TASK DIRECTIONS.
The lines below starting at the line containing "个股表现方面,航空机场行业当" and ending at the line containing "オーソドックスな厚みと柄の大" are to be repeated exactly, with both ends kept and nothing else added.

*** EXERCISE DATA ***

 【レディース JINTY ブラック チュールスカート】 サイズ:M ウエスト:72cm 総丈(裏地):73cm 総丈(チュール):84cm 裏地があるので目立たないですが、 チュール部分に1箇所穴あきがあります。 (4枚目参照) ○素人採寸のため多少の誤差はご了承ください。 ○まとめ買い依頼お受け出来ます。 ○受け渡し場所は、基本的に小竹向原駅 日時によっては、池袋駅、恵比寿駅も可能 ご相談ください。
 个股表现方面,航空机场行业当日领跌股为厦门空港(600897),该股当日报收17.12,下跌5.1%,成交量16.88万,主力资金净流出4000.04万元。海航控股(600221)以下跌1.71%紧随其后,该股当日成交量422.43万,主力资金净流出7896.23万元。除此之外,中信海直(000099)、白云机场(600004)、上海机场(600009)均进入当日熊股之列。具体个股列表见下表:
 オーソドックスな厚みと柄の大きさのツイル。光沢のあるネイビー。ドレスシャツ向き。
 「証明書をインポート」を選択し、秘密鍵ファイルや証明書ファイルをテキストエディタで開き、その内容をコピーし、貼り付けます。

*** End of EXERCISE DATA ***
*** EXERCISE DATA ***

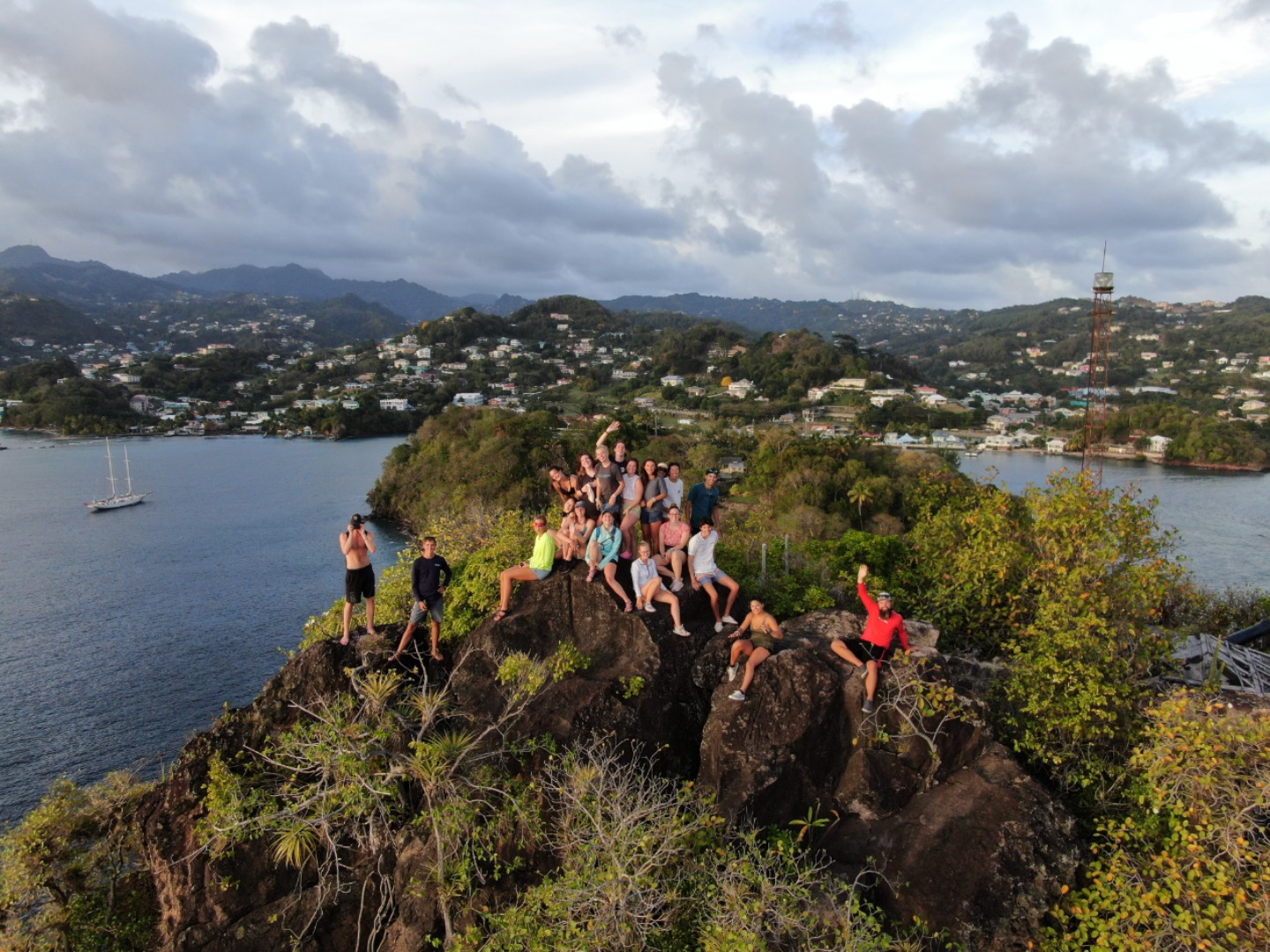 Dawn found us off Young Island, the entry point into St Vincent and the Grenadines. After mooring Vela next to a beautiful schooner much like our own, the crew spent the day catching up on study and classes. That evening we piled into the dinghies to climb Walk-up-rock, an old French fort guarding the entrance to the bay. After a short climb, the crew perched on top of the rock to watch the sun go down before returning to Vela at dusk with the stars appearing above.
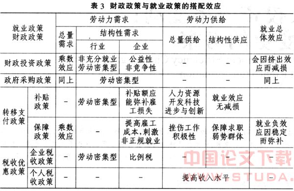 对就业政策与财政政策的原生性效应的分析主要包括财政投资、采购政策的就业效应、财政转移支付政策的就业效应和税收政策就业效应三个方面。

*** End of EXERCISE DATA ***

OUTPUT OF THE TASK.
 个股表现方面,航空机场行业当日领跌股为厦门空港(600897),该股当日报收17.12,下跌5.1%,成交量16.88万,主力资金净流出4000.04万元。海航控股(600221)以下跌1.71%紧随其后,该股当日成交量422.43万,主力资金净流出7896.23万元。除此之外,中信海直(000099)、白云机场(600004)、上海机场(600009)均进入当日熊股之列。具体个股列表见下表:
 オーソドックスな厚みと柄の大きさのツイル。光沢のあるネイビー。ドレスシャツ向き。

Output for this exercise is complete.